**Data block:**

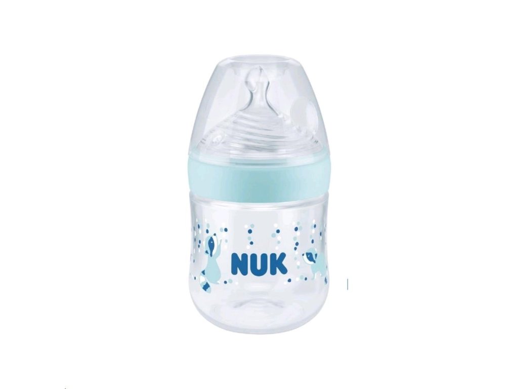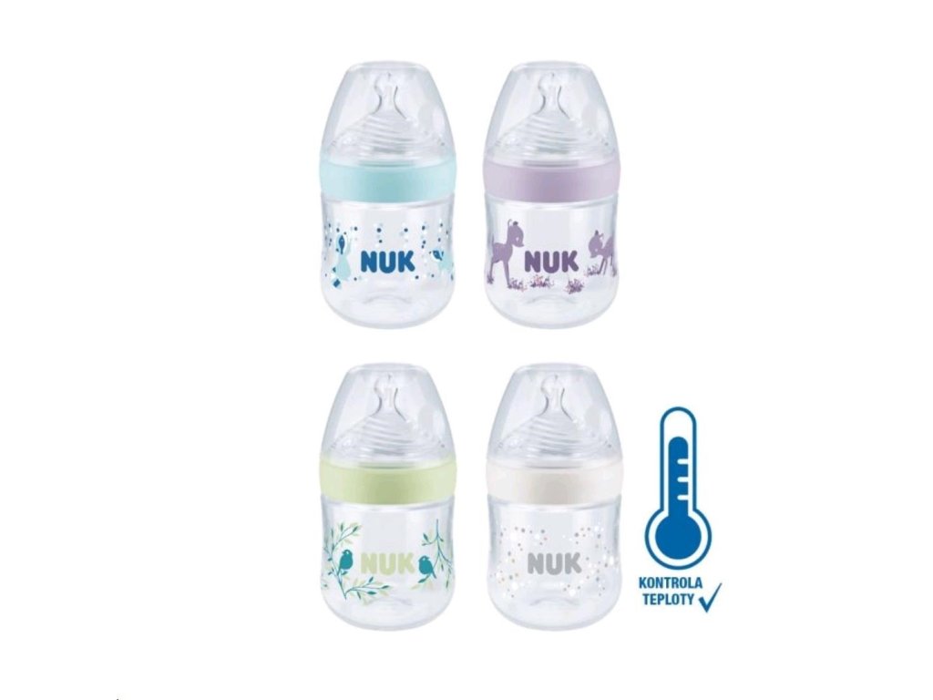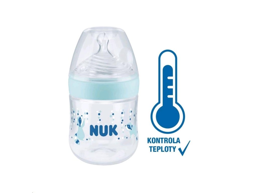 Dojčenská fľaša Nuk Nature Sense S-small 150 ml s indikátorom teploty. Zabudovaný indikátor kontroly teploty zmení farbu, ak je obsah fľašky príliš horúci. Modrá farba indikátora sa zmení na bielu. Fľaštička bábätkám uľahčuje prechod od dojčenia alebo kŕmenia k samostatnému pitiu. Dojčenská fľaša Nature Sense má silikónový cumlík, ktorý je podľa tvaru aj mäkkosti najviac podobný prsníku matky. Fľaštička je tak prirodzená ako je to len možné. Má extra široké hrdlo na jednoduché plnenie aj čistenie, ochranné nepriepustné viečko, mäkký a pružný cumlík, ktorý je odolný voči teplu i opotrebovaniu bez vône i chuti. Fľaštička je vyrobená z vysoko kvalitného polypropylénového materiálu bez BPA. Špeciálny tvar typický pre cumlíky NUK s ortodontickým antikolikovým cumlíkom je modelovaný podľa materskej bradavky pri dojčení. Ponecháva dostatok priestoru pre prirodzené sacie pohyby jazyka aj čeľuste. Vylepšený systém proti prehĺtaní vzduchu pri pití Anti Colic Air Systém zabezpečuje prirodzený tok mlieka, aby dieťa pilo uvoľnene bez prehĺtaní vzduchu. Fľaštička je odporúčaná pôrodnými asistentkami a pediatrami. Charakteristika cumlíka:- mäkký a pružný, aby prispôsobil svoj tvar detským ústam rovnako ako bradavka
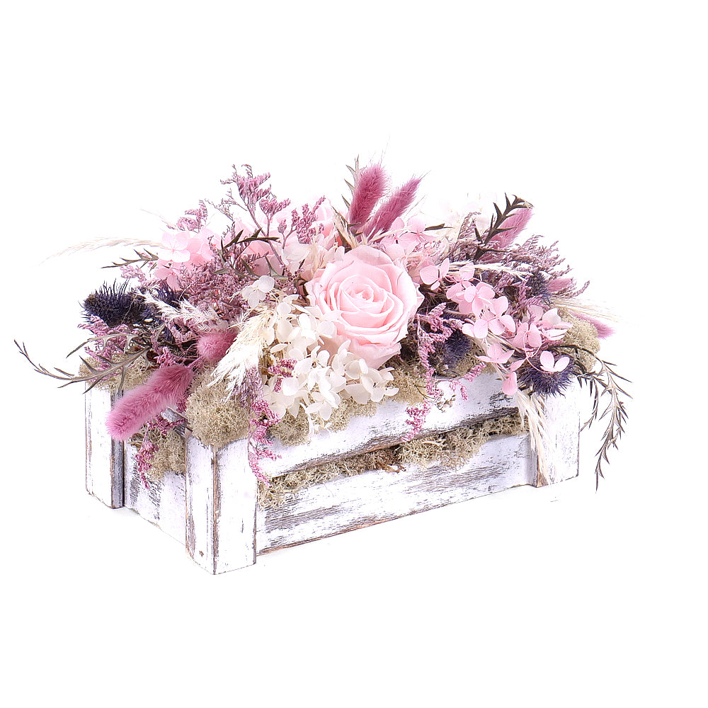 Aranžmán je dokonalou kombináciou jemnosti a elegancie, ktorá vyjadruje večnú krásu a spomienku. Tento kvetinový výtvor v sebe nesie nádhernú... Čítať viac
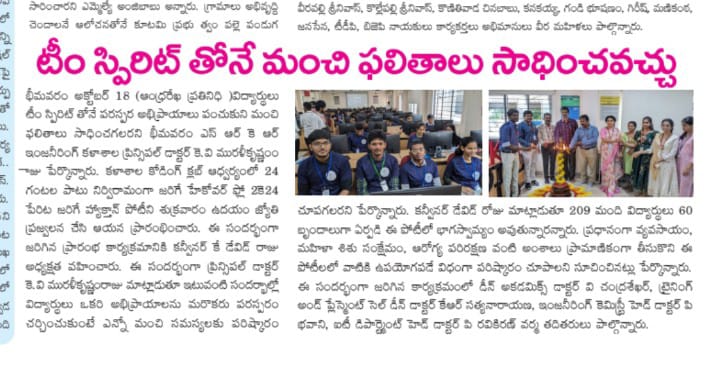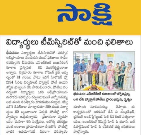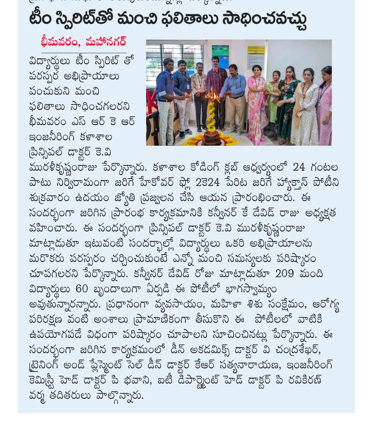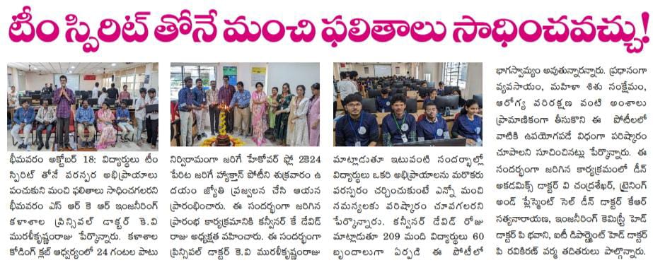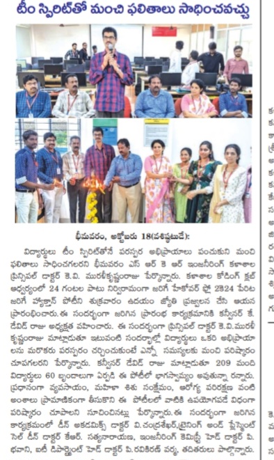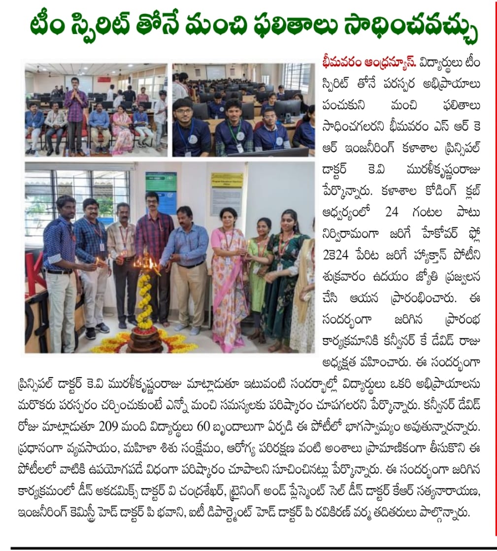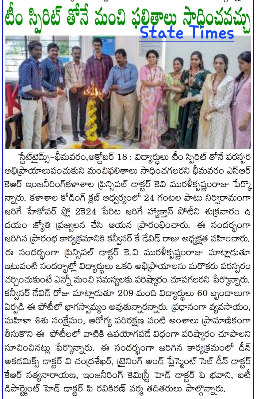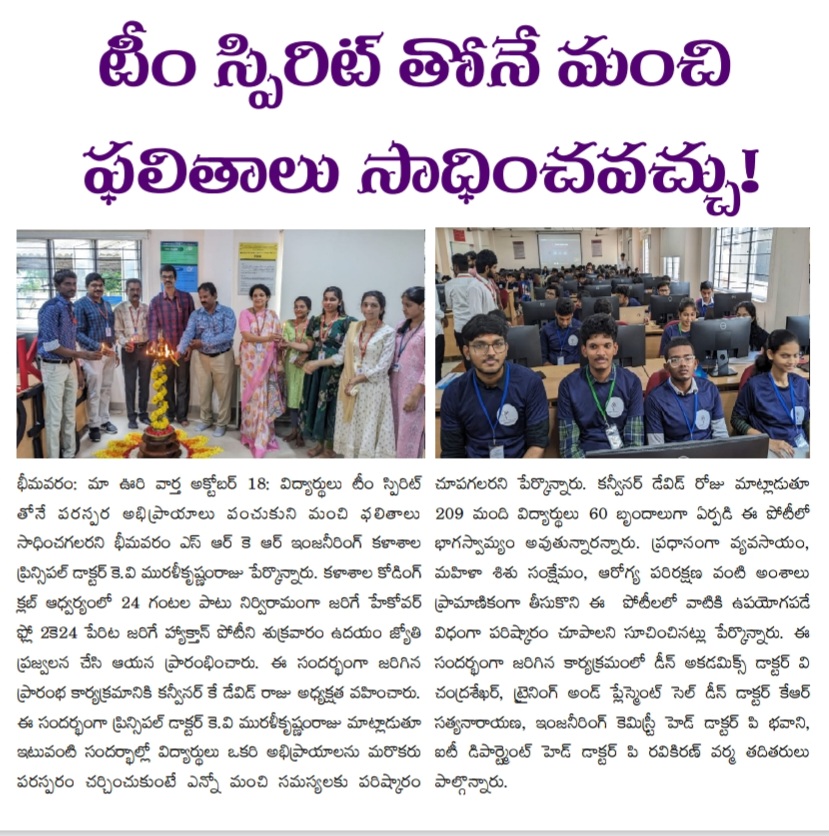 Bhimavaram, October 18: Dr. KV Muralikrishnamraju, Principal of Bhimavaram SRK Engineering College, highlighted the importance of team spirit in achieving excellent results during the inauguration of the hackathon competition, "Hackover Flow 2K24." The event commenced on Friday morning with the ceremonial lighting of the torch.

**Problem to solve:** The listing must be repeated word for word, and none of its pictures may appear in the copy.

**Solution to the exercise:**
 Dojčenská fľaša Nuk Nature Sense S-small 150 ml s indikátorom teploty. Zabudovaný indikátor kontroly teploty zmení farbu, ak je obsah fľašky príliš horúci. Modrá farba indikátora sa zmení na bielu. Fľaštička bábätkám uľahčuje prechod od dojčenia alebo kŕmenia k samostatnému pitiu. Dojčenská fľaša Nature Sense má silikónový cumlík, ktorý je podľa tvaru aj mäkkosti najviac podobný prsníku matky. Fľaštička je tak prirodzená ako je to len možné. Má extra široké hrdlo na jednoduché plnenie aj čistenie, ochranné nepriepustné viečko, mäkký a pružný cumlík, ktorý je odolný voči teplu i opotrebovaniu bez vône i chuti. Fľaštička je vyrobená z vysoko kvalitného polypropylénového materiálu bez BPA. Špeciálny tvar typický pre cumlíky NUK s ortodontickým antikolikovým cumlíkom je modelovaný podľa materskej bradavky pri dojčení. Ponecháva dostatok priestoru pre prirodzené sacie pohyby jazyka aj čeľuste. Vylepšený systém proti prehĺtaní vzduchu pri pití Anti Colic Air Systém zabezpečuje prirodzený tok mlieka, aby dieťa pilo uvoľnene bez prehĺtaní vzduchu. Fľaštička je odporúčaná pôrodnými asistentkami a pediatrami. Charakteristika cumlíka:- mäkký a pružný, aby prispôsobil svoj tvar detským ústam rovnako ako bradavka
 Aranžmán je dokonalou kombináciou jemnosti a elegancie, ktorá vyjadruje večnú krásu a spomienku. Tento kvetinový výtvor v sebe nesie nádhernú... Čítať viac
 Bhimavaram, October 18: Dr. KV Muralikrishnamraju, Principal of Bhimavaram SRK Engineering College, highlighted the importance of team spirit in achieving excellent results during the inauguration of the hackathon competition, "Hackover Flow 2K24." The event commenced on Friday morning with the ceremonial lighting of the torch.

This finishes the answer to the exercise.